__WHAT YOU ARE ASKED TO DO__
Set down exactly the lines below between the line holding "總結(jié)來(lái)看" and the line holding "This ornament, sixteenth", inclusive; no other line belongs in the answer.
-- RECORDS FOR THE EXERCISE follows --
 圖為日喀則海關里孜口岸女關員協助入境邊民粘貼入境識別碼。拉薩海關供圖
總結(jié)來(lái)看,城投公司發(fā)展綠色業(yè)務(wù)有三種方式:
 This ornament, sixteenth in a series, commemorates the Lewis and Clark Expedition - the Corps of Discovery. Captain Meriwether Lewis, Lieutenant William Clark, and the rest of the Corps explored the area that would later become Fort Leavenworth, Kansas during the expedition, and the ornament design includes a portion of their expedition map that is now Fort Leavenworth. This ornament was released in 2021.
-- RECORDS FOR THE EXERCISE concluded --
-- RECORDS FOR THE EXERCISE follows --
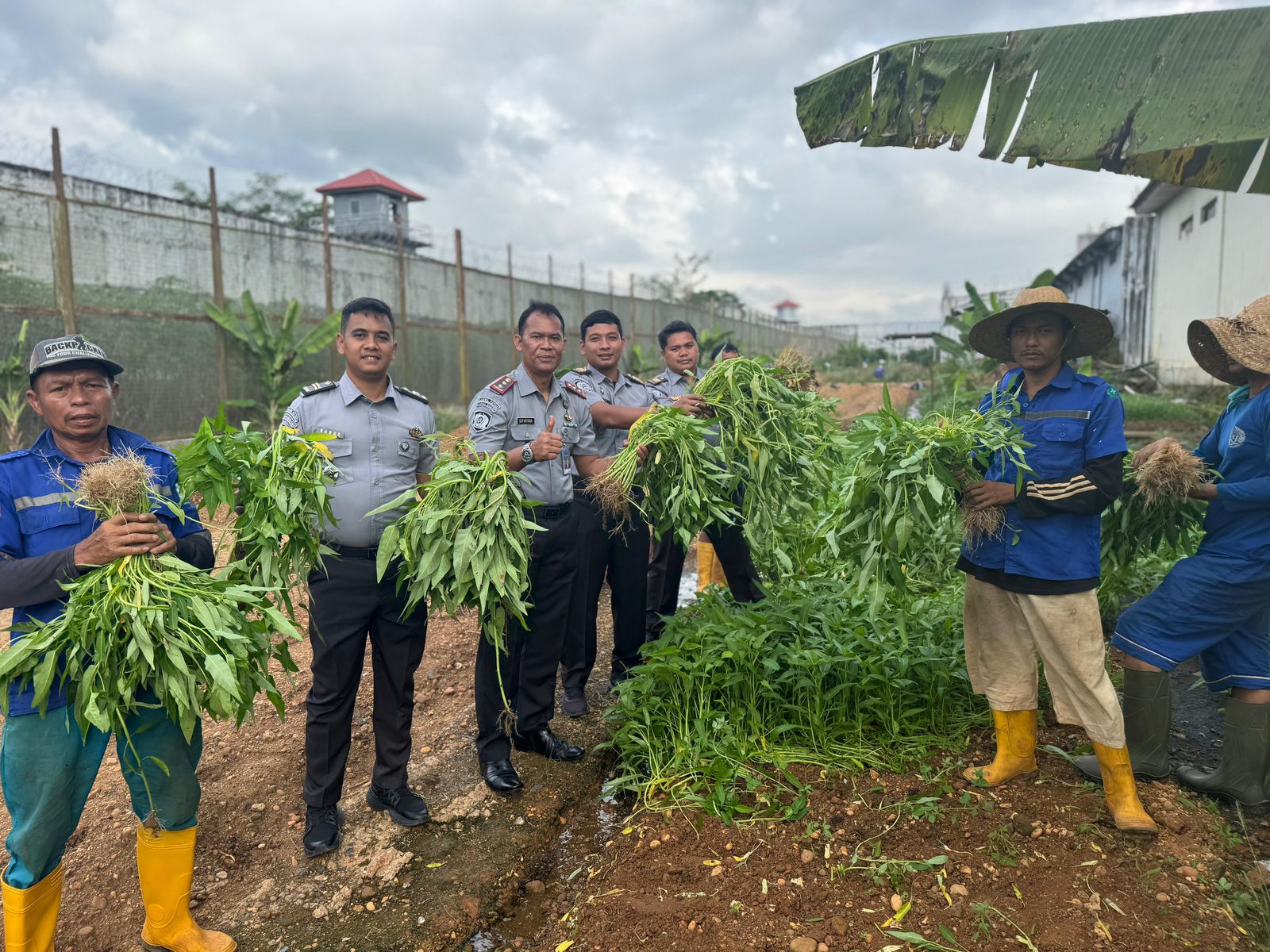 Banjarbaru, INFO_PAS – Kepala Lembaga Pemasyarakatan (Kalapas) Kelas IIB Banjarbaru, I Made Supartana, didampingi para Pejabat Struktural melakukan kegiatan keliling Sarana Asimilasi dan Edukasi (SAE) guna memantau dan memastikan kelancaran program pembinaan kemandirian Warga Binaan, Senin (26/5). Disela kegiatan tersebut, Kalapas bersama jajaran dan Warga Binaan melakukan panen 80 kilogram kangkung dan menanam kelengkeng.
-- RECORDS FOR THE EXERCISE concluded --
-- RECORDS FOR THE EXERCISE follows --
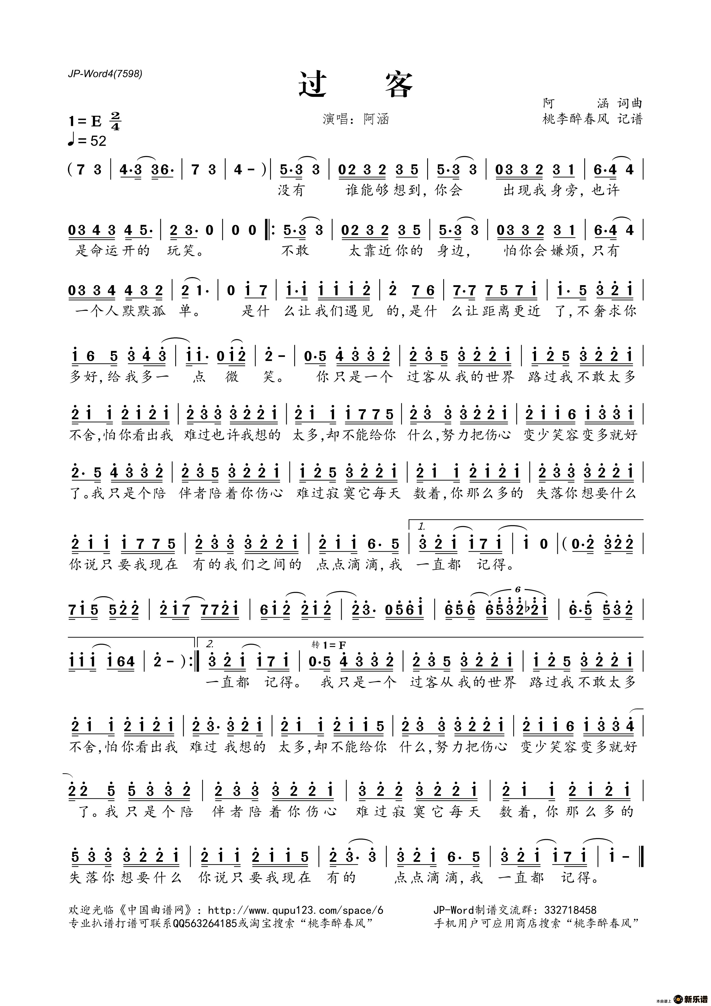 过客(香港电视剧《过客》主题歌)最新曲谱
-- RECORDS FOR THE EXERCISE concluded --
__EXERCISE SOLUTION__
總結(jié)來(lái)看,城投公司發(fā)展綠色業(yè)務(wù)有三種方式:
 This ornament, sixteenth in a series, commemorates the Lewis and Clark Expedition - the Corps of Discovery. Captain Meriwether Lewis, Lieutenant William Clark, and the rest of the Corps explored the area that would later become Fort Leavenworth, Kansas during the expedition, and the ornament design includes a portion of their expedition map that is now Fort Leavenworth. This ornament was released in 2021.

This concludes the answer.